Prediction: Saracens all the way but good potential for a QF place for the runners-up.
Scarlets: Four times semi-finalists if you include two appearances as Llanelli but haven’t yet made it into a final. Gave it a good rattle last season battling their way through a tough pool alongside Toulon, Bath and Benetton and then beating La Rochelle in the quarter-finals. Met their match in the semi-finals though when they lost 38-16 to Leinster. The return of Wales and Lions centre Jonathan Davies is a big plus, an injury to brother James a big loss.
Racing: Twice losing finalists in the last three years Racing are becoming a force to reckon with in Europe with their classic combination of piano shifting forwards and piano playing backs. Did brilliantly last year to defeat Clermont in the quarter-finals and Munster in semi-finals before going down 15-12 to Leinster in the final showdown. The summer signings of Finn Russell and Simon Zebo, below, demonstrate how they like to play given half a chance.
Leicester Tigers: Two times European champions and two other losing finals to boot but not quite the force in Europe they were, witness last season when they managed just one pool win. Can still be a tricky team to beat at Welford Road though which might count for something but generally seem to lack the grunt up front of old. A fit again Manu Tuilagi can press his claims for an England return against quality opposition
Ulster: Winners in 1999 and runners up three years later, Ulster can flatter to deceive on occasions and their domestic form in the PRO14 frustrates their fans – good wins one week, huge defeats the next. Claimed four pool wins last season but it wasn’t quite enough to advance to the quarter-finals. Skipper Rory Best has been much missed with his chronic hamstring injury, but it seems like he might finally be ‘good to go’.
Prediction: Scarlets and Racing will be neck and neck, Racing to nick it but Scarlets to also progress.
Montpellier: Still a young club with limited European experience but have the strength in depth to do well.

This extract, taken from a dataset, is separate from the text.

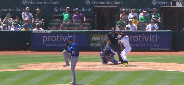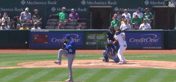 The A’s, to their credit, battled against Ragans. He generally required around 15 pitches to get through an inning. His first couple of pitches in his sixth and final frame were down in velocity to around 95-96 MPH. (I’m laughing that I just wrote that sentence.) Somehow, he found that final bit of adrenaline to get across the finish line. This was his final pitch of the afternoon.

Very poor last season though with just two wins in an admittedly tough pool, lining up against Leinster, Exeter and Glasgow. Have the big hitters – Nadolo, Nagusa, Steyn, Bismark du Plesssis – to make a real impact and potentially could get away to a strong start with a home match against Edinburgh first up followed by a trip to Newcastle.
Newcastle Falcons: The Falcons have very little European Cup pedigree with just a solitary quarter-final appearance in 2005 although they did roll up their sleeves and have a crack at the Challenge Cup last season being unbeaten in their pool before losing at Gloucester in the semi-final. Dean Richards’ squad are still in the learning phase and the Premiership remains their priority but will be hard to knock over at Kingston Park.
Edinburgh: One quarter-final and one semi-final – against Ulster in 2012 – to date in Europe’s premier competition which is a modest record which needs some work on. Showed up well in the Challenge Cup last season with five pool wins before losing disappointingly in the quarter-finals to Cardiff. Daunting start though with Montpellier away followed by Toulon at home. Richard Cockerill will get them fired up… but that’s unlikely to be sufficient.
Toulon: Got the taste for Europe with two losing Challenge Cup finals and then, with Jonny Wilkinson and Matt Giteau at the helm, went on a winning spree with three Heineken Cup titles on the bounce between 2013-15. Currently undergoing a transitional period but fought hard last year, finishing runners up to Scarlets in their pool and by common consent being distinctly unlucky 20-19 losers to Munster at Thomond Park in the quarter-finals.
Prediction: Montpellier to edge past Top 14 rivals Toulon who will also progress as one of the best three runners-up.